I'm trying to understand the definition of weak derivatives. In many textbooks, usually the ordinary derivative version is presented as an illustration. However, once moving on to the partial derivatives, the following definition is directly given.
If $u$ and $v$ are locally integrable functions on a nonempty open set $\Omega\subset \mathbb{R}^n$ such that, for every $\varphi \in C_0^\infty(\Omega)$, $$\int_{\Omega}u \frac{\partial \varphi}{\partial x_j} dx =-\int_\Omega v\varphi dx,$$ then $v$ is said to be the weak $j$-th partial derivative of function $u$.
My understanding is, if we further assume $u\in C_0^1(\Omega)$, then we have, by Fubini's theorem, $$\int_{\Omega}u \frac{\partial \varphi}{\partial x_j} dx =\int_{\Omega^j}d \sigma^j \int_{\text{slice of }\Omega \text{ on } x_j}u \frac{\partial \varphi}{\partial x_j} dx_j.$$ But then we need 3 more results: 1) since $\Omega$ is open in $\mathbb{R}^n$, every slice is also open in $\mathbb{R}$; 2) every nonempty open set in $\mathbb{R}$ is a countable union of open intervals; 3) $u\to 0$ when $x_j$ approaches every end point of these open intervals, while the values of other $x_i$'s are fixed. Only then, can we carry out the integration by parts and arrive at $$\int_{\Omega}u \frac{\partial \varphi}{\partial x_j} dx =-\int_{\Omega}\frac{\partial u}{\partial x_j} \varphi dx,$$ which is consistent with the definition above.

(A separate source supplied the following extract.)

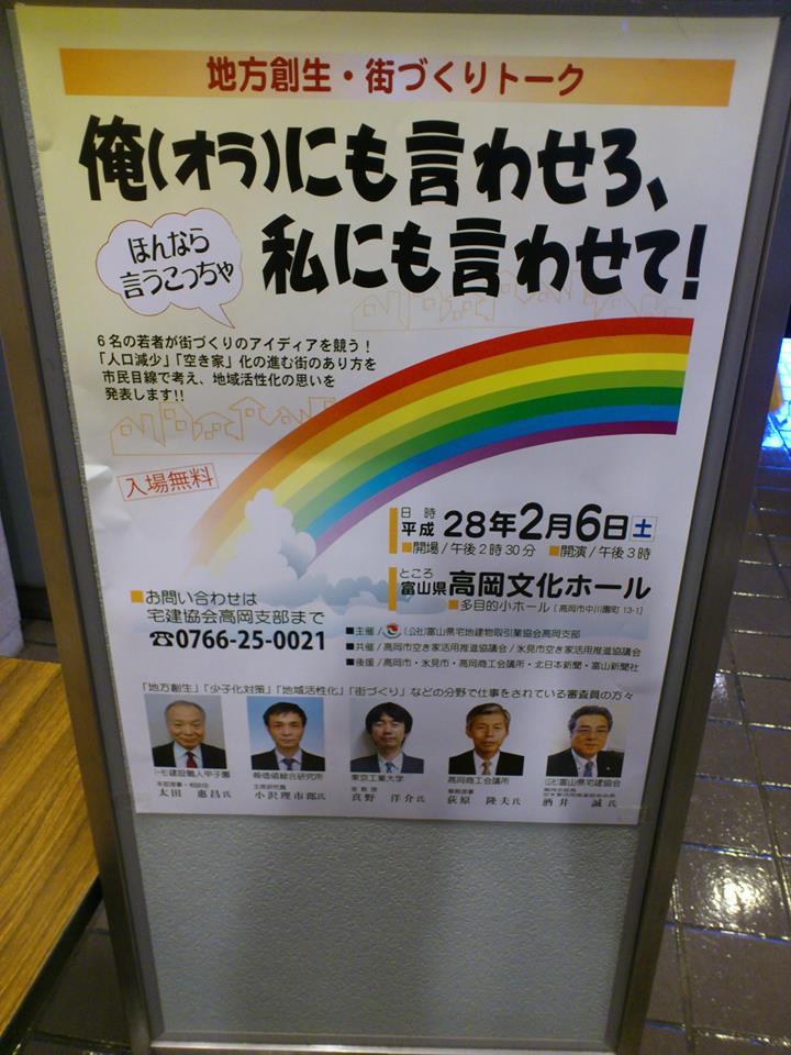 イベント参加報告 2016/02/15 【イベント参加報告】地方創生・街づくりトーク「俺(オラ)にも言わせろ、私にも言わせて!」(2/6) 街づくりの意見や提案を発表(高岡ケーブルネットワーク)2月6日(土)、高岡文化ホールで「地方創生・街づくりトーク 俺(オラ)にも言わせろ、私にも言わせて!」が開催されました。人口減少・空き家化の進むまちの未来を、6人の若者がそれぞれのアイデアで語りました。富山大学芸術文化学部生が最優秀賞に選ばれた他、様々な若いアイデアに大きな刺激を受けました。 PR http://kirittotakaoka.ria10.com/houkoku/201602151900【イベント参加報告】地方創生・街づくりトーク「俺(オラ)にも言わせろ、私にも言わせて!」(2/6)
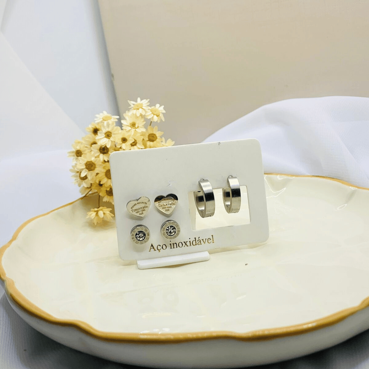 Versatilidade, brilho e durabilidade em um só kit! Esse trio de brincos em aço inoxidável é perfeito para quem gosta de variar o estilo com praticidade. O conjunto inclui:

Question: Do we absolutely need those 3 results while doing the integration by parts? Or is it overkill?
Thanks in advance.
You more or less sketched the proof of the divergence theorem without boundary, see e.g. https://en.wikipedia.org/wiki/Divergence_theorem#Proofs The divergence theorem states for $f\in C^1(\overline{\Omega},\mathbb{R}^n)$ with $\Omega$ having $C^1$-boundary, that $$\int_\Omega \operatorname{div}f\, dx = \int_{\partial\Omega}f\cdot\nu\, dA$$ and $\nu$ is the outer unit normal of $\Omega$. In dimension $1$, this is the fundamental Theorem. If you now put $f_i = uv$ and $f_j=0$ for $i\neq j$, you obtain $$\operatorname{div}f = \partial_iu v + u\partial_iv,$$ which by divergence theorem leads to $$\int_\Omega u\partial_i v\, dx = -\int_{\Omega}\partial_i uv\, dx,$$ if $u,v\in C^1(\overline{\Omega})$ and one of them has compact support in $\Omega$ (hence the boundary term disappears). This formula is also called partial integration and is the reason for the definition of weak derivates. So to answer your original question: You more or less have to do what you did to obtain the result in the smooth case. It just has already been done in the divergence theorem.
Edit: You can simplify your proof a bit and only really need Fubini: Since $\varphi$ has compact support, you can without loss of generality assume $u$ and $\varphi$ are smoothly extended by zero outside of $\Omega$. Then you can work on $]-R,R[^n$ instead of $\Omega$ for a big enough $R>0$ and do the same calculations you did.